Sara and Amanda could never have done something like that before the deep brain stimulation.
They are among the estimated 3.3 million adults in the U.S. who have OCD. Like in their case, the mental disease appears in early childhood.
When Sara and Amanda were little girls, the OCD presented itself first as hypochondriasis and scrupulousity.
"Hypochondriasis has to do with medical fears," Sara said. "We would think we were poisoned. We would pick through our food to make sure it was OK."
"Scrupulousity is religious OCD, a constant fear of going to hell," Amanda said.
The twins battled those conditions but still managed to get good grades in school. When they hit puberty and started high school, things went downhill fast.
They became disgusted by their bodies and the bodies of everyone around them. Thoughts of contamination would take over their thoughts.
"I can look back at my childhood, and I actually wore swimsuits, shorts, used public bathrooms," Sara said. "All that is gone, dead."
Despite their absences during high school, Sara and Amanda got good enough grades that they graduated from high school. They tried to take community college classes, but the anxiety was too much to bear.
"There is a correlation between OCD and intelligence," Dr. VanSickle said. "These women are actually of higher intelligence which kind of makes their disability worse. They know they don't want this, and they can't get rid of it."
Dr. VanSickle says he currently has a handful of OCD patients who are currently going through the FDA ordered protocol while he is working with their insurance carriers.

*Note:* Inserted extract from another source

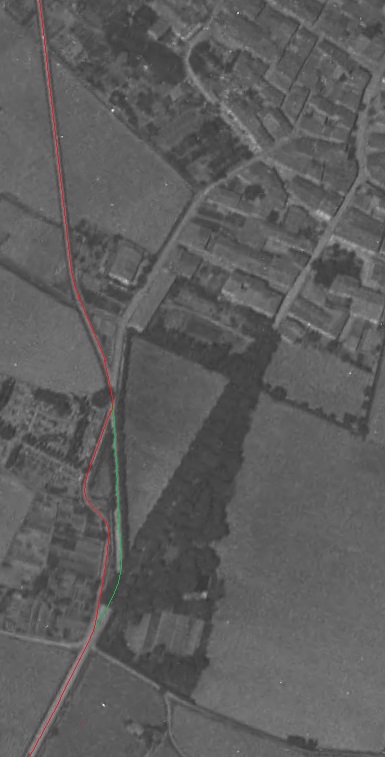 Looking from the village towards the station site in the 21st Century. The house on the left is the one noted in the monochrome image of the village taken from the South and shown above.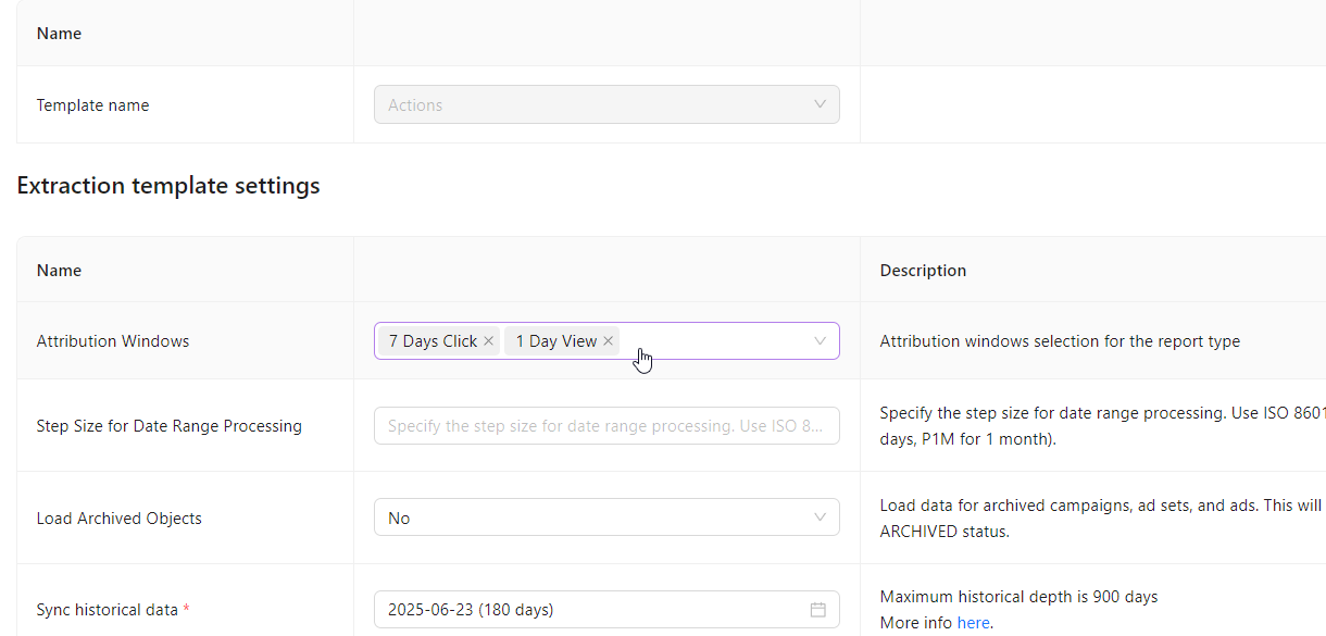 Step 6. (Optional) Configure attribution windows: 1d_click, 7d_click, 28d_click, 1d_view, 7d_view.

"I hope that Amanda and Sara have set a precedent," Worland said. "I hope that Dr. VanSickle has set a percent to say 'Yes, this helps. This works.'"
The strides they have made are profound. Showers are down to a half hour. They only use rubbing alcohol to clean surfaces in their bathroom. They can shake hands with people.
"We are currently surviving and striving for thriving," Amanda said.
"I've heard laughter from them which I haven't heard for years," Worland said. "Even though they do have a debilitating depression at times, I've seen joy."
The twins don't look a year, five years, 10 years down the road. They are taking one day at a time, confronting their anxieties head on.
"We're trying to feel like useful members of society," Sara said. "I want to be someone who could ever have a job, have their own home, friends, a social life."